BW: All 50 states have officially finished their initial redistricting for the 2020 census. We are now moving into the litigation phase which will last all decade long.
Ed: That was Ben Williams from NCSL, an expert on redistricting who sat down with me to highlight some of the interesting developments around the topic including efforts in some states to reallocate inmate data. Redistricting of state and congressional legislative districts happens every decade following the census. But once those maps are drawn and implemented, there are still ongoing court cases and state legislation that affect redistricting. Just in recent weeks, the U.S. Supreme Court ruled on some significant redistricting cases. Ben talked about the recent legal developments and also about the efforts of 13 states to reallocate inmate data for purposes of redistricting from where people are incarcerated to where they lived before going to prison. He explained the pro and con arguments for such legislation. Ben also talked about what you can expect in the next several years around redistricting before the next census.
Here is our discussion.
Ben, welcome back to the podcast.
BW: Thanks for having me Ed. Great to be here again.
Ed: Well Ben, we’ve talked about redistricting on this podcast a few times before and I’m always surprised how much I learn from you. I think I know a little bit about the topic, but you have a deep wealth of knowledge and it’s always fun for me to talk about this. Last time you pointed out that redistricting is something that is being tweaked in legislatures and by the courts throughout the decade. The effort around redistricting doesn’t stop once the maps are drawn for that decade. Before we get into our main topic today and we are going to talk about how inmates are handled for redistricting purposes which I’m very curious about. Can you give us a general overview of where things stand now in 2023. Are all the maps for the decade drawn or are there more court challenges ahead?
BW: Sure. So, all 50 states have officially finished their initial redistricting for the 2020 census. So that has concluded. The last state to finish was Montana. They certified their legislative maps in February of 2023. So, we’ve just come out of that phase. As you know, Ed, we are now moving into the litigation phase, which will last all decade long and inevitably there will be some states that will have to redraw their legislative or their congressional maps because they were struck down by a court for whatever reason. And there are currently challenges ongoing in both federal and state courts on these lines. I can give you a couple of examples. So, in state courts, one of the common things that we see are issues that we would consider traditional redistricting principles. So, if you think about compactness. Is a district a compact shape or does it have tendrils spindling out. I’m sure you’ve seen pictures with, like the audience has seen pictures of a district that looks elongated or unusual. So, we see challenges on that frequently and sometimes we see challenges on communities of interest, which is a criteria in about half the states. Alaska had to redraw some of its legislative districts because the state’s Supreme Court found that they didn’t preserve all of the communities of interest that the Constitution required.

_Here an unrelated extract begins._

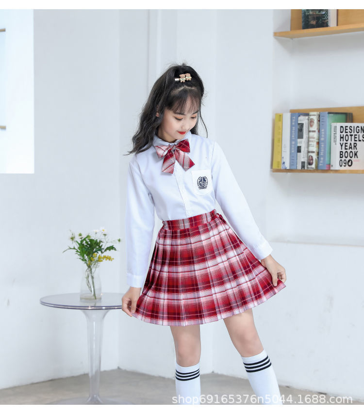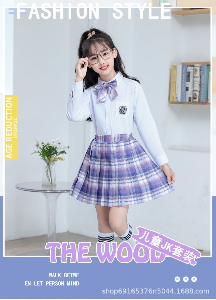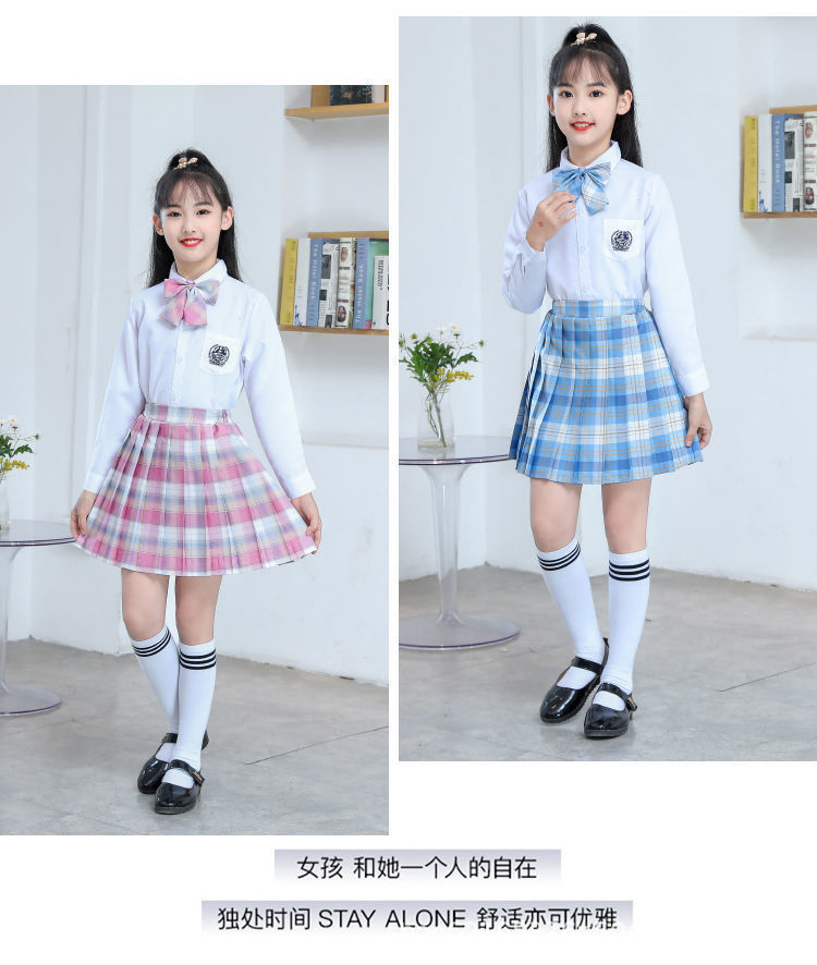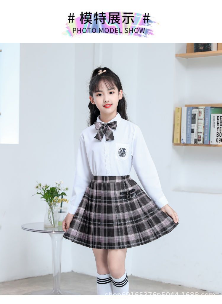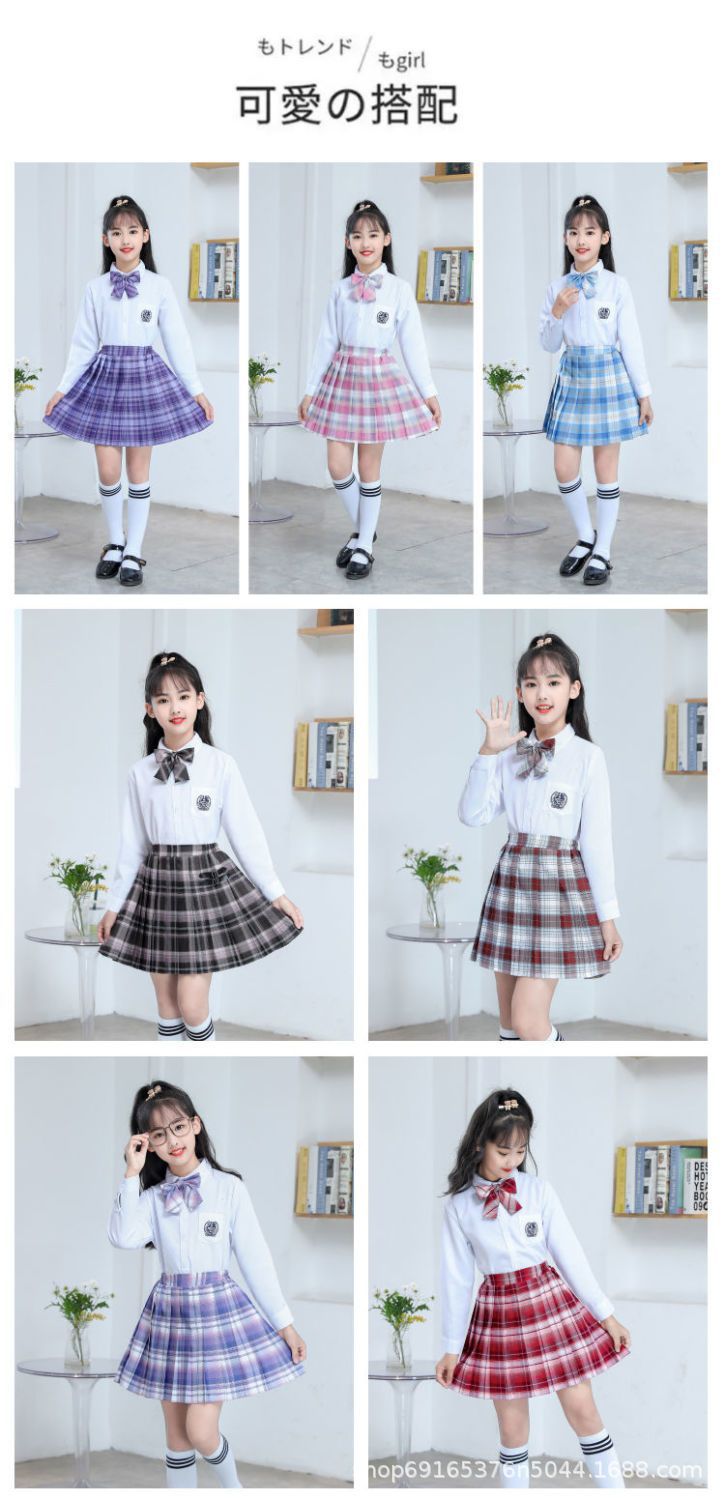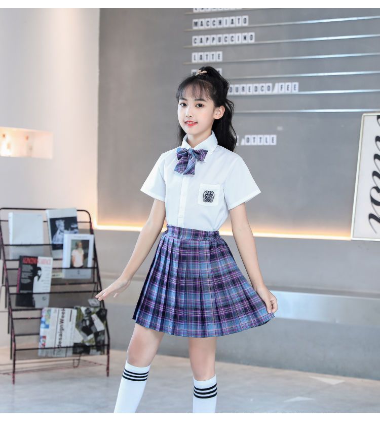 2024 여름 어린이 JK 세트 새로운 서양식 소녀 셔츠 프레피 스타일 스커트 주름 치마 졸업 공연 옷스토어 가기

And then we also have litigation on the federal level so we have most commonly and I think most of the audience would be familiar with this is the Voting Rights Act, particularly Section 2 of the Voting Rights Act, which says that a majority minority district should be drawn in areas where a minority group is politically cohesive and is in some area and they are unable to elect a candidate of their choice because of polarizations and how people vote by race. We just had a case at the U.S. Supreme Court shortly before this was recorded called Allen v Milligan and that case dealt with the legitimacy of the Voting Rights Act as it stands. It was upheld fully. And so, I think that not only will the current cases be resolved most likely in favor of plaintiffs given that holding, but there might have been some cases that people are holding off on filing because they wanted to see how this case was ultimately handled. And now that they’ve seen it’s a ruling in favor of the plaintiffs in Alabama in this case, we might see more Voting Rights Acts cases being filed in courts. So, we could be getting busier rather than less busy going into the next year or two.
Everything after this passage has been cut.